Would you set down the data that follows, word for word, without any pictures?
[Given entries — start]
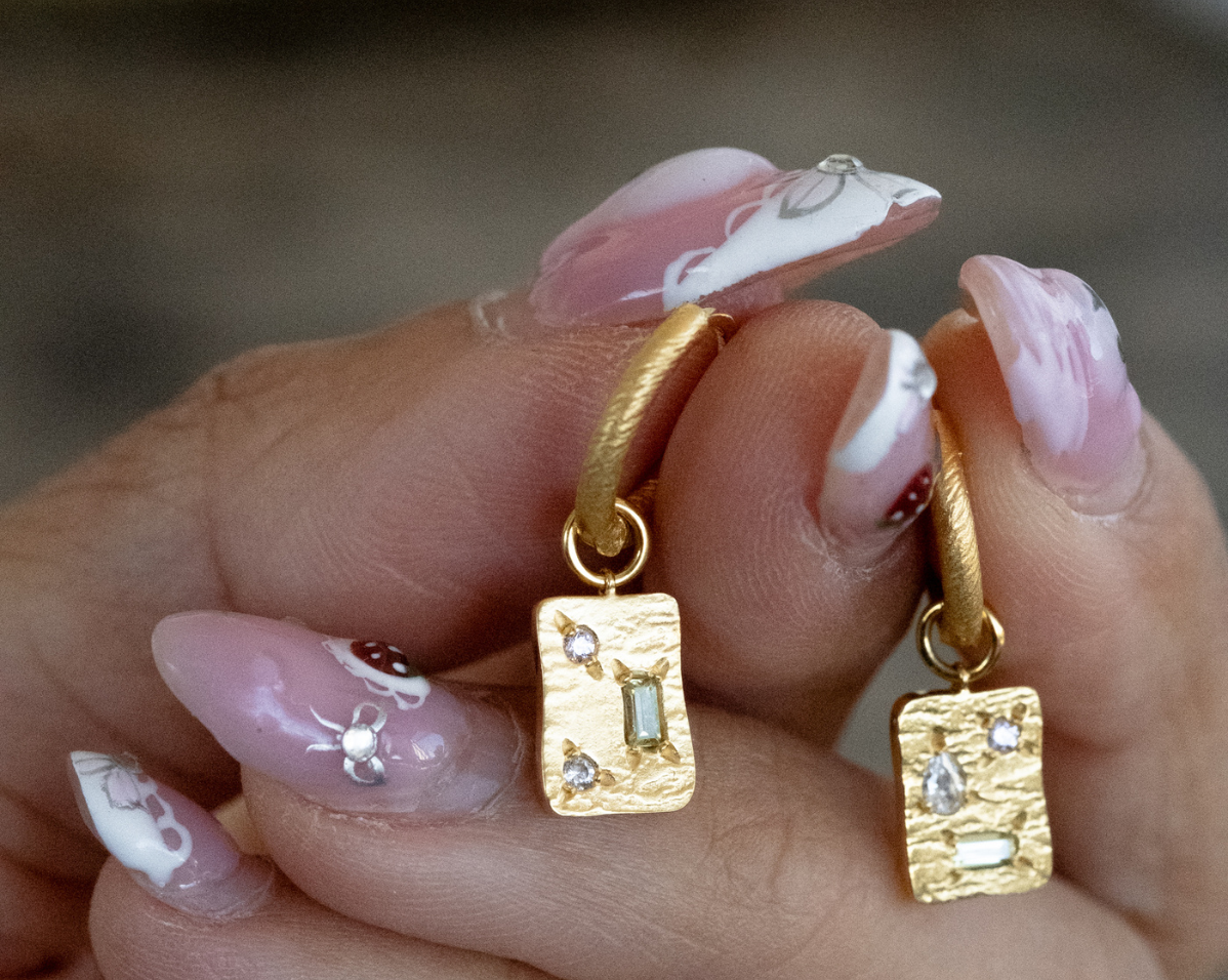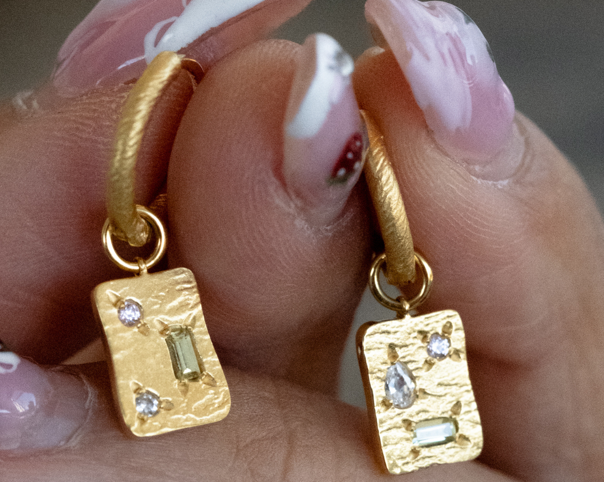 Add a touch of sparkle to your ear stack with these stunning Gemstone Hoops. Featuring brilliant CZ gemstones set in sleek, polished hoops, these earrings are designed to elevate your look with effortless elegance. This unreleased sample from our Piercing Collection combines timeless style with high-quality craftsmanship, making it a must-have for anyone who loves to stand out.
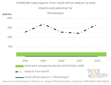 This report contains a summary snapshot of outcomes for the exports of HS940360 to Montenegro from the perspective of the home market (South Africa). More technical detail is available on request from Trade Research Advisory.
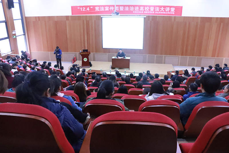 12月5日,由杨凌示范区普法办公室、杨陵区委依法治区办公室主办,3200威尼斯vip承办的以“弘扬宪法精神,建设平安校园”为主题的“12.4”国家宪法日法治大讲堂进高校系列活动在威尼斯vip官网隆重举行。原陕西省公安厅刑侦局局长,现任陕西省公安厅巡视员吴仲飞应邀为威尼斯vip官网师生做了一场精彩的普法宣传教育专题报告会。
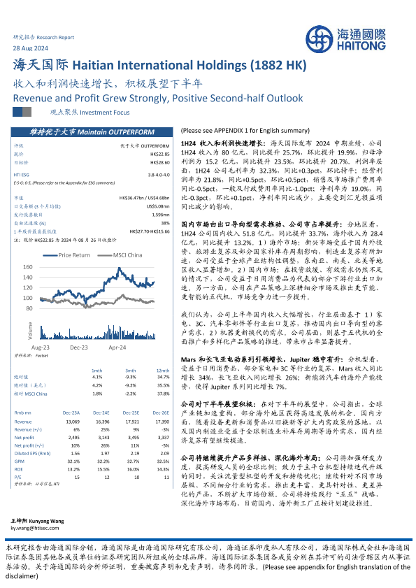 【海通国际】【20240828】海天国际(1882.HK)收入和利润快速增长,积极展望下半年-12页
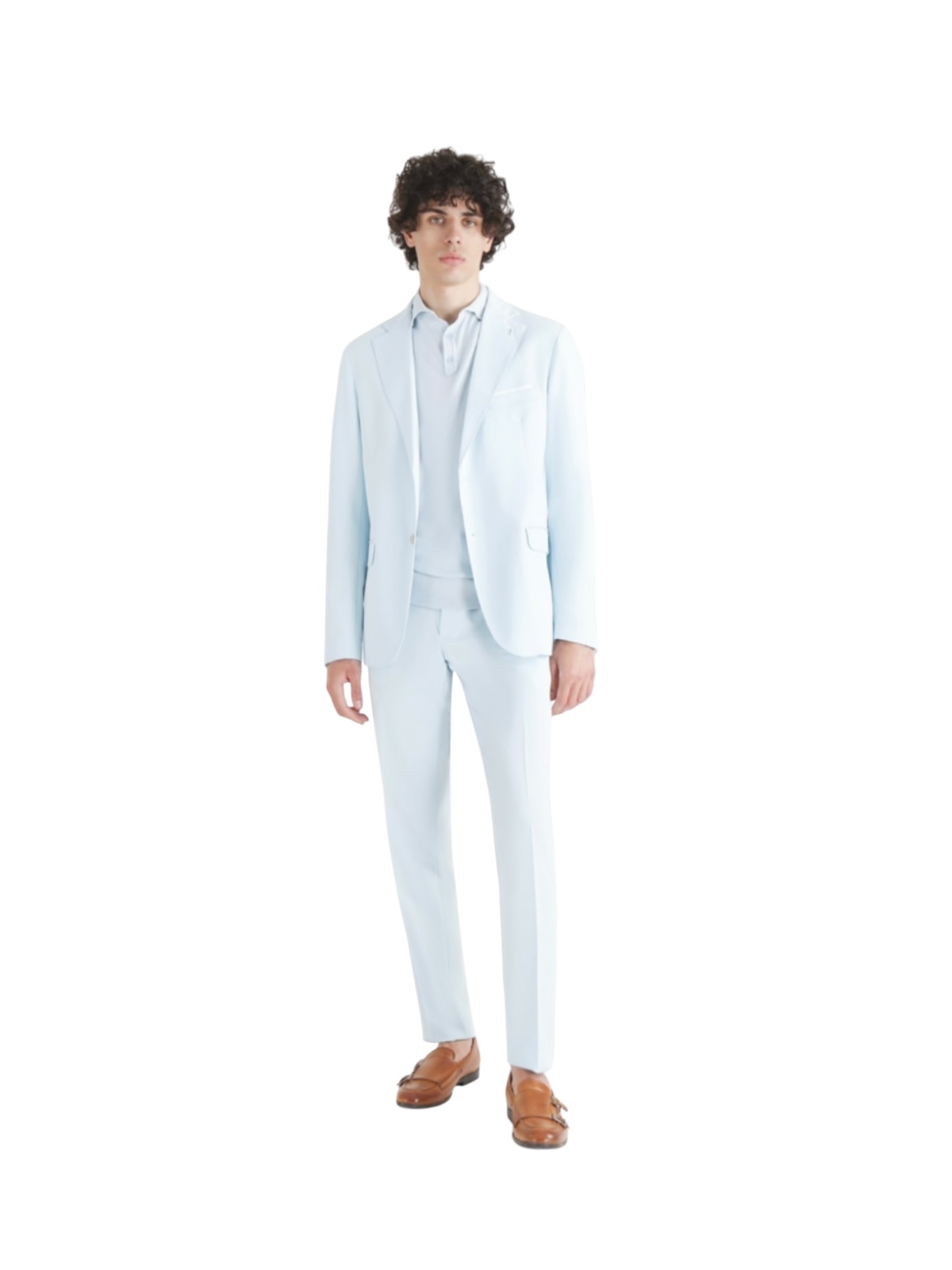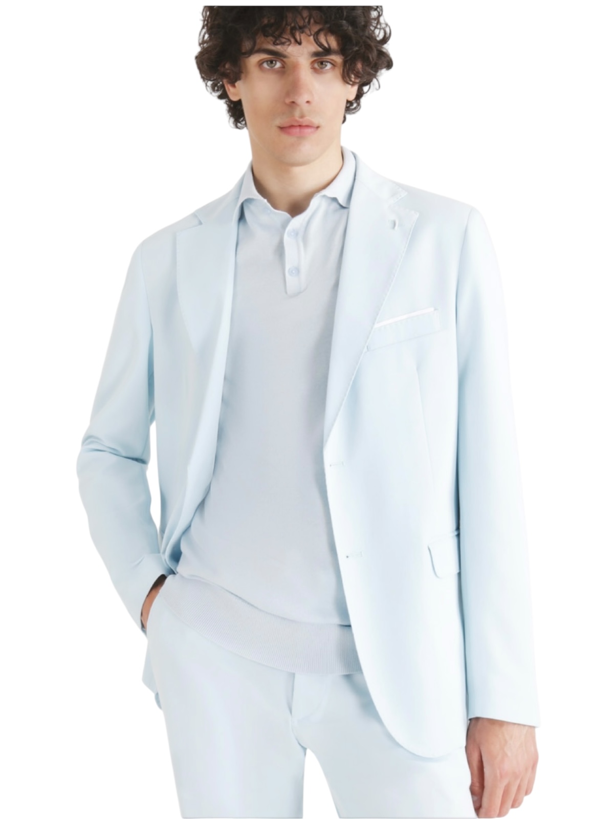 celeste polvere, giacca monopetto con 2 bottoni e tasche filetto, due spacchi posteriori, pantaloni slim
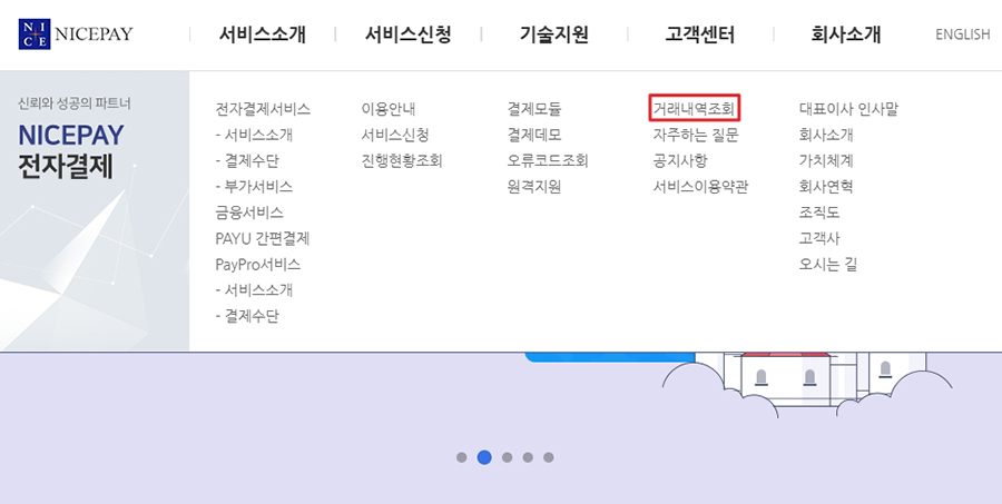 NICE결제대행에서 결제내역을 확인하기 위해 NICE PAY 홈페이지에 방문한 후 상단메뉴에 고객센터 > 거래내역조회를 클릭합니다.
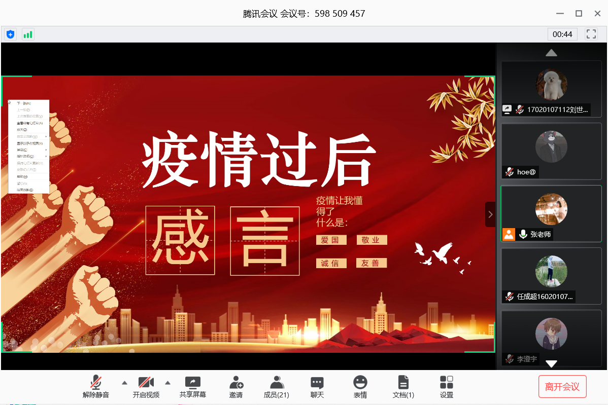 在组织生活会上,支部每位党员讲述此次疫情防控中的身边人身边事,结合自己的生活、学习、工作实际感受战疫中的故事带给自己心灵上的震撼、思想上的升华;作为学生党员,大家都在在疫情期间深受一线英雄事迹鼓舞,严格要求自身,积极投身到抗疫行动中去,充分发挥党员的先锋模范作用。其中,张晓君书记分享了小区党员的“抗疫故事”,表示深受医务人员的抗疫事迹所鼓舞;在疫情关键时期,学院的疫情防控压力大,责任也大,但在成人短剧
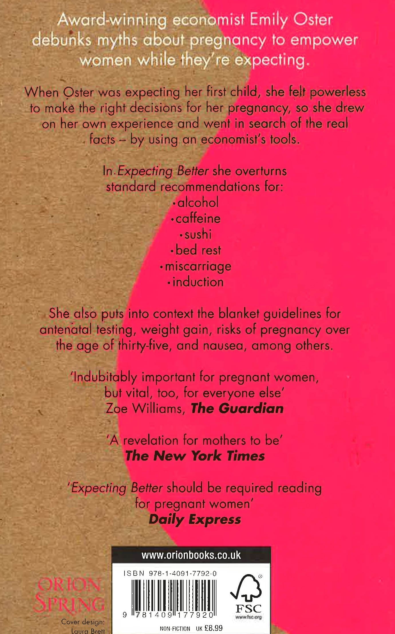 EXPECTING BETTER overturns standard recommendations for alcohol, caffeine, sushi, bed rest and induction, while putting in context the blanket guidelines for fetal testing, weight gain, risks of pregnancy over the age of 35, and nausea, among others.
[Given entries — finish]
• Output for this task:
 Add a touch of sparkle to your ear stack with these stunning Gemstone Hoops. Featuring brilliant CZ gemstones set in sleek, polished hoops, these earrings are designed to elevate your look with effortless elegance. This unreleased sample from our Piercing Collection combines timeless style with high-quality craftsmanship, making it a must-have for anyone who loves to stand out.
 This report contains a summary snapshot of outcomes for the exports of HS940360 to Montenegro from the perspective of the home market (South Africa). More technical detail is available on request from Trade Research Advisory.
 12月5日,由杨凌示范区普法办公室、杨陵区委依法治区办公室主办,3200威尼斯vip承办的以“弘扬宪法精神,建设平安校园”为主题的“12.4”国家宪法日法治大讲堂进高校系列活动在威尼斯vip官网隆重举行。原陕西省公安厅刑侦局局长,现任陕西省公安厅巡视员吴仲飞应邀为威尼斯vip官网师生做了一场精彩的普法宣传教育专题报告会。
 【海通国际】【20240828】海天国际(1882.HK)收入和利润快速增长,积极展望下半年-12页
 celeste polvere, giacca monopetto con 2 bottoni e tasche filetto, due spacchi posteriori, pantaloni slim
 NICE결제대행에서 결제내역을 확인하기 위해 NICE PAY 홈페이지에 방문한 후 상단메뉴에 고객센터 > 거래내역조회를 클릭합니다.
 在组织生活会上,支部每位党员讲述此次疫情防控中的身边人身边事,结合自己的生活、学习、工作实际感受战疫中的故事带给自己心灵上的震撼、思想上的升华;作为学生党员,大家都在在疫情期间深受一线英雄事迹鼓舞,严格要求自身,积极投身到抗疫行动中去,充分发挥党员的先锋模范作用。其中,张晓君书记分享了小区党员的“抗疫故事”,表示深受医务人员的抗疫事迹所鼓舞;在疫情关键时期,学院的疫情防控压力大,责任也大,但在成人短剧
 EXPECTING BETTER overturns standard recommendations for alcohol, caffeine, sushi, bed rest and induction, while putting in context the blanket guidelines for fetal testing, weight gain, risks of pregnancy over the age of 35, and nausea, among others.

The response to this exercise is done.